■ Material shown
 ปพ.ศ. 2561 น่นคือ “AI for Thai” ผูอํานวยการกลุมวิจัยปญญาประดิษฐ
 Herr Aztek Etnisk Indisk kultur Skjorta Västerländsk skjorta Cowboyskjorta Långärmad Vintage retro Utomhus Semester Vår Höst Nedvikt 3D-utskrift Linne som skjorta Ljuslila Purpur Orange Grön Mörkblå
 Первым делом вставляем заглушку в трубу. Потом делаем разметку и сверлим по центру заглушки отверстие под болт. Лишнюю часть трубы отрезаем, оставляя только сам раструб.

* * *

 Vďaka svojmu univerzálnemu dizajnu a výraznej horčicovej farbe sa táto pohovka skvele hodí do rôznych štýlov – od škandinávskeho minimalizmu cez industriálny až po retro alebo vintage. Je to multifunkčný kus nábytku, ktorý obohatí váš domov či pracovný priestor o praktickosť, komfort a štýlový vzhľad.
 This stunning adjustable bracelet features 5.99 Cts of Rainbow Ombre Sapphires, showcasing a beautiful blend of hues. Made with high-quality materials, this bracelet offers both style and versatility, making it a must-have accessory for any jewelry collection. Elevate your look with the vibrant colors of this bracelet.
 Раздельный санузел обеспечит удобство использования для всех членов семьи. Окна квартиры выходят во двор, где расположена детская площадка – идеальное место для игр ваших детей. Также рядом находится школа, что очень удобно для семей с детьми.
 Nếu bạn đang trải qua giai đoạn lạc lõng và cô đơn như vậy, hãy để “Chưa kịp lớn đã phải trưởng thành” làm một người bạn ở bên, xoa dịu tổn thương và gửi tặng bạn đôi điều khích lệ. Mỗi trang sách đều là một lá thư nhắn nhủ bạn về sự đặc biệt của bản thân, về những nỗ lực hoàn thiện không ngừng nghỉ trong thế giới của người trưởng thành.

■ What is being asked
In the listing above, find the line with "This stunning adjustable" and the line with "Nếu bạn đang", then print exactly those two lines and every line between them, and nothing more.

■ Exercise response
 This stunning adjustable bracelet features 5.99 Cts of Rainbow Ombre Sapphires, showcasing a beautiful blend of hues. Made with high-quality materials, this bracelet offers both style and versatility, making it a must-have accessory for any jewelry collection. Elevate your look with the vibrant colors of this bracelet.
 Раздельный санузел обеспечит удобство использования для всех членов семьи. Окна квартиры выходят во двор, где расположена детская площадка – идеальное место для игр ваших детей. Также рядом находится школа, что очень удобно для семей с детьми.
 Nếu bạn đang trải qua giai đoạn lạc lõng và cô đơn như vậy, hãy để “Chưa kịp lớn đã phải trưởng thành” làm một người bạn ở bên, xoa dịu tổn thương và gửi tặng bạn đôi điều khích lệ. Mỗi trang sách đều là một lá thư nhắn nhủ bạn về sự đặc biệt của bản thân, về những nỗ lực hoàn thiện không ngừng nghỉ trong thế giới của người trưởng thành.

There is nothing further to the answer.